Most importantly, the Blowfish cipher key was discovered and unveiled, finally unlocking the TomTom for custom boot loaders paving the way to replacement operating systems.
With this under their belt, the Chaos Computer Club profferred new suggestions for custom apps: the obvious MP3 player and WiFi sniffer, but more imaginatively a radar detector and a crypto-key server responding to Bluetooth requests.
So then, how can you and I exploit this hard work by such dedicated netizens? The answer is found in the pages of the OpenTom project. This site distils the accumulated knowledge of many hackers, explaining how to build applications that run on the TomTom as well as alternate operating system images. One such image is provided, in the form of OpenTom itself; an open source, community built, TomTom environment that enhances the factory-supplied image by including an MP3 player and permitting remote connections giving a regular Linux shell.

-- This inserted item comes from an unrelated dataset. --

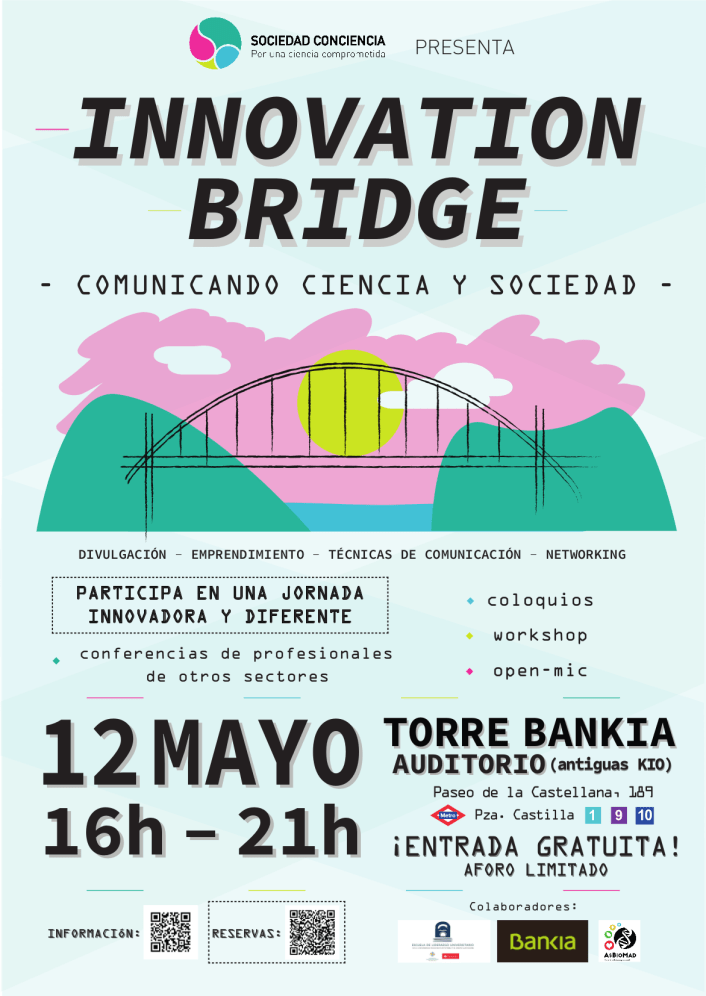 Evenbrite: Innovation Bridge: comunicando ciencia y sociedad (https://www.eventbrite.es/e/innovation-bridge-comunicando-ciencia-y-sociedad-tickets-33561033956?aff=es2)
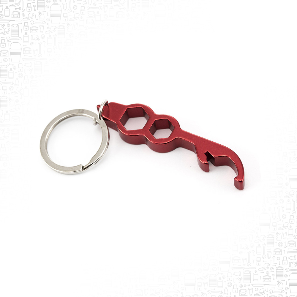 Portachiavi con apribottiglia in alluminio, con 2 chiavi per bulloni incorporate, progettato appositamente per la stampa laser. Confezionato singolarmente in polybag. Dimensioni: 2.5×0.7×10.5 cm

OpenTom can be downloaded as pre-compiled images, or in source-code format for customising and self-compiling. No matter which route you choose, copy the two resulting binaries ttsystem and root.cpio to an SD card and reboot following the instructions on site. The OpenTom image is executed instead.
For those not so bold, examining the TomTom's source code has yielded a litany of interesting tricks that can still customise the device while minimising risk because the actual images being executed are still the original, supplied, programs. These tricks include making custom menu structures, changing the startup and shutdown screens and even adding utility via event loggers, offroad navigation and reversing an itinerary, helping you get back home again.
There's no end to what can be achieved with little more than an inquisitive mind. If you have a TomTom, check out the OpenTom project and become familiar with the new things you can make your device do. If you are a software developer, see what you can do to expand the repertoire and give back to the community who has brought freedom this far.